Within these entries, how many lines contain the word "built"? Answer with the number alone.

> [Information provided]
•••
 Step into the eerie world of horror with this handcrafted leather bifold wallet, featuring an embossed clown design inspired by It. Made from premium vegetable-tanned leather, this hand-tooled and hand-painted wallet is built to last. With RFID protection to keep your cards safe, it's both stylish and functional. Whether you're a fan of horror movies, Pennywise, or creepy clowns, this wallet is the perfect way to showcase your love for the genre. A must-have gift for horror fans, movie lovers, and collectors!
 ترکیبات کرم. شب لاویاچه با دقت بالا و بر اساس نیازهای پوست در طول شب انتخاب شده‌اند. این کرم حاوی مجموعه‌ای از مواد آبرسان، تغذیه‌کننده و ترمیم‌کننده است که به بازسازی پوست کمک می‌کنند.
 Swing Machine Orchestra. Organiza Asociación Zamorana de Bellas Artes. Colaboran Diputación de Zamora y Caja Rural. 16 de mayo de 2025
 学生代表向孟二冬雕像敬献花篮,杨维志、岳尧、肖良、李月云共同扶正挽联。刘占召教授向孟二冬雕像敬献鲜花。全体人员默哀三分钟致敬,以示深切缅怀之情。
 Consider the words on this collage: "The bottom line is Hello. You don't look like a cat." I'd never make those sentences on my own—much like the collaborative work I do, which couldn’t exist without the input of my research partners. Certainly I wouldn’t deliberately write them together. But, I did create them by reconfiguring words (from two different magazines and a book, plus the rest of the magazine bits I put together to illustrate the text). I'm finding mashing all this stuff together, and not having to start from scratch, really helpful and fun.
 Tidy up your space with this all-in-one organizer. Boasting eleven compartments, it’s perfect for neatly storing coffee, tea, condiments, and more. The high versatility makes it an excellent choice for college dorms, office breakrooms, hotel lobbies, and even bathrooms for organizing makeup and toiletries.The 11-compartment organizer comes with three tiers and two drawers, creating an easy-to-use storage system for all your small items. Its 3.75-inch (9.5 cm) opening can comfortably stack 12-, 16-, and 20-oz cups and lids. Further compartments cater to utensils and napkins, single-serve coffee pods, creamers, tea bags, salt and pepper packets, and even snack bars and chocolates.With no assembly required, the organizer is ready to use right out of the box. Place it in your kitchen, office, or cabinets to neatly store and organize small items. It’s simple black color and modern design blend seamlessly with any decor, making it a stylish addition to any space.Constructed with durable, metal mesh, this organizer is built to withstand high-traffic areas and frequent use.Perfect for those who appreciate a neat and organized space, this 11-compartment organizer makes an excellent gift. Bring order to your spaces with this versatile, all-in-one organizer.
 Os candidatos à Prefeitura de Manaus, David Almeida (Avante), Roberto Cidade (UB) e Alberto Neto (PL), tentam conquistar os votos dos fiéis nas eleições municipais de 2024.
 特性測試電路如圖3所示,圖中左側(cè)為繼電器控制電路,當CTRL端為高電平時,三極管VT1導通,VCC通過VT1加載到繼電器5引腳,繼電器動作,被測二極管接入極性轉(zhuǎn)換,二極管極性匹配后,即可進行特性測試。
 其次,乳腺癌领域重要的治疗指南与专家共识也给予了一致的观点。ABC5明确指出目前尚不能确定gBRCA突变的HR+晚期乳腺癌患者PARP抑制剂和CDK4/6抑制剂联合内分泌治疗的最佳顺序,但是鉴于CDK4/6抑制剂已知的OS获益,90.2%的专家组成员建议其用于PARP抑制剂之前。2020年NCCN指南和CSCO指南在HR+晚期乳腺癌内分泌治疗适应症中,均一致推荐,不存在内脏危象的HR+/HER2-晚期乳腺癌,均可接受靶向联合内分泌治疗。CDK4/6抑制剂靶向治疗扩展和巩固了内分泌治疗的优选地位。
•••
> [Exercise response]
2